### [TASK TO COMPLETE]
Please, without any pictures, set down exactly the part of the listing below that opens with the line containing "When a firm" and closes with the line containing "- Available in".

BEGIN DATASET CONTENT

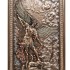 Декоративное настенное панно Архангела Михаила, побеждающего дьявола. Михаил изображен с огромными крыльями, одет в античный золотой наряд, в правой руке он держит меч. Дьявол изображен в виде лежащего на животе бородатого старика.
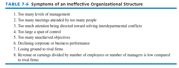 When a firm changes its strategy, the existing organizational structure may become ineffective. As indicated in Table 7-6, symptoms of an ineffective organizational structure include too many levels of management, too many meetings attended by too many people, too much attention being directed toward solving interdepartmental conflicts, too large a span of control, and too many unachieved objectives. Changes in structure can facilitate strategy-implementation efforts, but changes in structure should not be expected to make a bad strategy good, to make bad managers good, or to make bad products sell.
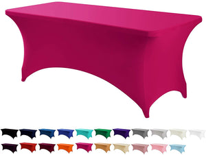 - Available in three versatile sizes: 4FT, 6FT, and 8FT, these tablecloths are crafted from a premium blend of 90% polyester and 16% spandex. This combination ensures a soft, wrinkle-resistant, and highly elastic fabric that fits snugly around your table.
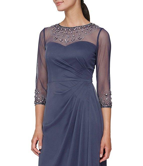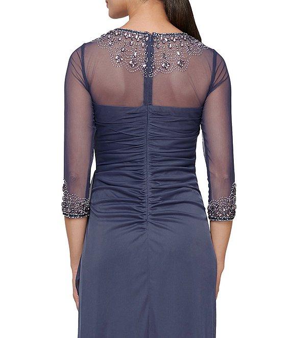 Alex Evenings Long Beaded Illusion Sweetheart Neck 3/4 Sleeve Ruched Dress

END DATASET CONTENT
BEGIN DATASET CONTENT

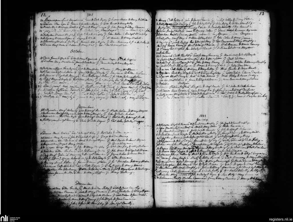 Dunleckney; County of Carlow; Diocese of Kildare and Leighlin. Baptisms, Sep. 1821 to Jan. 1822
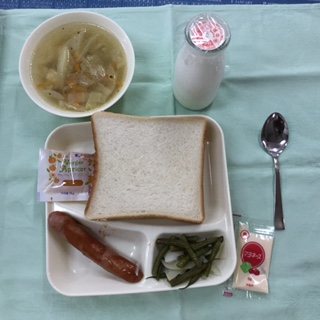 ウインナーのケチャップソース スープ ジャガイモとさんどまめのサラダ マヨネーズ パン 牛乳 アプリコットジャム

END DATASET CONTENT
BEGIN DATASET CONTENT

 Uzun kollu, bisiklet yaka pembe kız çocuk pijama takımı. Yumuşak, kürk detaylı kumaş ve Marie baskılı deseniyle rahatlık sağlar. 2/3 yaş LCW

END DATASET CONTENT

### [SOLUTION FOR THIS PROBLEM]
 When a firm changes its strategy, the existing organizational structure may become ineffective. As indicated in Table 7-6, symptoms of an ineffective organizational structure include too many levels of management, too many meetings attended by too many people, too much attention being directed toward solving interdepartmental conflicts, too large a span of control, and too many unachieved objectives. Changes in structure can facilitate strategy-implementation efforts, but changes in structure should not be expected to make a bad strategy good, to make bad managers good, or to make bad products sell.
 - Available in three versatile sizes: 4FT, 6FT, and 8FT, these tablecloths are crafted from a premium blend of 90% polyester and 16% spandex. This combination ensures a soft, wrinkle-resistant, and highly elastic fabric that fits snugly around your table.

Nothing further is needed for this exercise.